China's state assets watchdog is set to ban state-owned enterprise (SOE) employees, particularly management staff, from owning shares in SOE affiliates and subsidiaries, in a move seen as an attempt to stop state assets ending up in private hands.

The measure was a crackdown on speculation by SOE management on SOE reform, through irregularities in management buyouts, and would prevent losses of state assets, Zuo Daguang, director of the watchdog's Liaoning branch, told Xinhua on Thursday.

"Staff, particularly middle and senior management, are forbidden to invest in companies that provide the SOEs with fuel, raw and auxiliary materials, equipment and spare parts," said the State-owned Assets Supervision and Management Commission (SASAC).

The prohibition extended to companies that provided design, construction, maintenance, sales and intermediary services for SOEs.

Staff investment is also banned in companies involved in business similar to that of the SOEs, according to the proposals on regulating SOE employees' shareholding and investment, published by SASAC on Wednesday.

The SASAC also highlighted in the new rules that the SOE staff could in principle only hold equities of their own companies, not subsidiaries or other SOE-invested businesses.

The regulations did not apply to listed companies mainly held by the State.

In order to contain insider-control and state-owned assets losses, SASAC and the Ministry of Finance jointly issued a document in April 2005, forbidding management boyouts of large SOEs.

SOE management ownership of equities in affiliates, subsidiaries and SOE-invested companies has led to problems, such as executives procuring products or services of those businesses at prices unreasonably higher than the market price, resulting in "state-owned assets losses in disguise", said Zuo Daguang.

Public discontent with state assets losses and privatization has been in rumbling on since the SOE reforms were launched three decades ago.

Last March, the SASAC issued similar proposals specifically designed to regulate employee shareholdings in power generating SOEs. The proposals said such SOEs were to be the first to buy shares transferred by their staff.
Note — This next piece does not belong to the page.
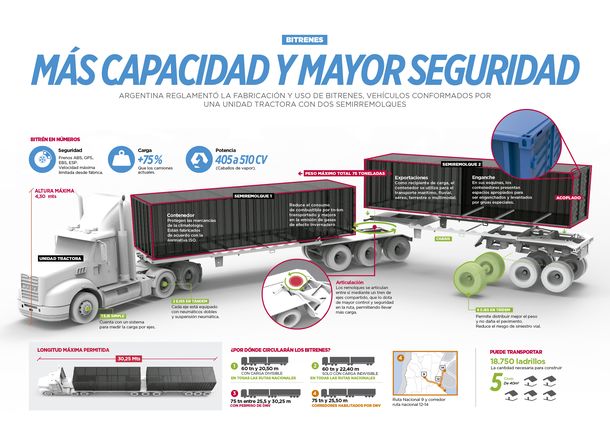 Sobre la nueva normativa, Sturzenegger detalló: "Por ello la nueva norma da un giro conceptual de 180°. A partir de ahora los bitrenes podrán transitar libremente por el 100% de la red, sin diferenciar por tamaño. Solo se requerirá permiso en unas pocas curvas muy pronunciadas (son 55 curvas en rutas montañosas de Salta, Jujuy y Tucumán -y una en Chubut-) donde las curvas obligarían a cortar el tránsito para acomodar el radio de giro".

But uncertainties over the enforcement of the regulations and the definition of senior and middle management could continue to puzzle state assets supervisors, said a SASAC research center expert who declined to be named.

According to the new document, SOE senior and middle management are required to transfer such shares or resign from the posts within a year of the publication of the new rules, but the new rules prescribe no penalties for failing to comply.

The proposals encouraged employees of small and medium-sized SOEs to own shares of the SOEs, a move that has been contemplated for more than a decade to help smaller firms out of debt and push them into competition.

But they stipulate that employee stakes in large SOEs should be minority shareholdings to maintain their nature of state ownership. Large SOEs, particularly the 147 giants reporting to the central government, include industries crucial to state security and national economy, including petroleum and petrochemical, power and telecommunications.